Acreage Holdings
- Type: Public
- Traded as: CSE: ACRG.U
- Industry: Cannabis, Medical marijuana
- Founded: 2011; 15 years ago in Maine
- Headquarters: New York, NY, United States
- Website: acreageholdings.com

= Acreage Holdings =

US Cannabis company

Acreage Holdings (formerly known as High Street Capital Partners) is a public company domiciled in British Columbia, Canada, holding a portfolio of cannabis cultivation, processing and dispensing operations in the United States.

==History==
Acreage Holdings was founded in Maine in 2011.

==Ownership==
Members of Acreage Holdings' Board of Directors include former Republican Congressman and Speaker of the United States House of Representatives John Boehner, former libertarian Republican Governor of Massachusetts Bill Weld, former IBM Chief Financial Officer Douglas Maine, and former Conservative Prime Minister of Canada Brian Mulroney.

Although several of the board members have stated that they joined the board because of the medical uses for cannabis (Boehner specifically cited the potential of medical marijuana to limit the opioid epidemic,) the company is investing in operations serving recreational as well as medical use of cannabis. In late 2018, Acreage Holdings acquired Michigan-based Blue Tire Holdings LLC. Acreage CEO Kevin Murphy expects additional American states to transition from medical use only to medical and recreational use. Murphy stated in a Bloomberg interview that the November 2018 U.S. mid-term elections were very helpful to the industry, both because of the people who were elected to office and because some incumbent opponents of marijuana legislation were voted out.

==Holdings==
Acreage had its initial public offering in November 2018, beginning trading on the Canadian Securities Exchange. By the following April, it was one of the largest US-based cannabis companies, with licenses or agreements for cultivation, processing and dispensing in nineteen states, as well as its own chain of retail stores, The Botanist.

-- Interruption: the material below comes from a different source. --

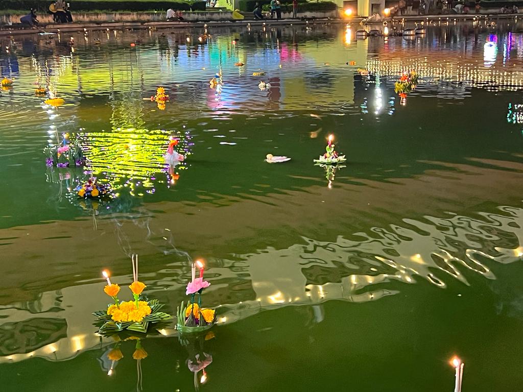 Other than Dev Deepavali, this also reminded me of Bali Yatra, which is celebrated in Odisha. I could see the similarities between Bali Yatra and Loy Krathong as lighting the lamp and floating a boat is common to both festivals. To me, this was another symbol of our civilizational links. As an agrarian society, water played a pivotal role in the Thai way of living since ancient times. The element of water provides sustenance, while rivers, canals, and oceans acted as the main modes of transportation through a major part of Southeast Asian history. The main purpose of Loy Krathong is to pay respect and thank the ‘Goddess of Water’ for a year’s worth of her abundant supply and ask for an apology for polluting the waters. Surprisingly, the Goddess of Water in Thai tradition is also Maa Ganga and known as Phra Mae Khongkha. Nowadays, it is also a way to get rid of negativity gathered during the previous year and welcome good fortune in the coming year.

Acreage holdings entered the Massachusetts market by creating controlled companies to in effect hold and operate more than the 3 license limit. Then acted to create a regional noncompete monopoly with the companies Seahunter and American.

In the same month, Canopy Growth, a firm with headquarters in Smiths Falls, Ontario and the largest cannabis company in the world, concluded an agreement with Acreage to buy 100% of the latter's shares for US$3.4 billion. The sale would be concluded in future, and only if the American federal government legalizes cannabis. In the meantime, Canopy would pay US$300 million to seal the deal. In an interview with The Canadian Press, Vivien Azer, senior research analyst with Cowen, said that Acreage was a suitable acquisition target because it had the greatest market penetration in the U.S. and believed that the deal would "likely prove helpful in pushing for a change in U.S. laws surrounding cannabis".

==Facilities==

Acreage purchased a former industrial facility in Sanderson, Florida, and set up a test cultivation and processing facility with the intent to expand to a warehouse on the site.

The facility was sold to Red White & Bloom in Feb 2021.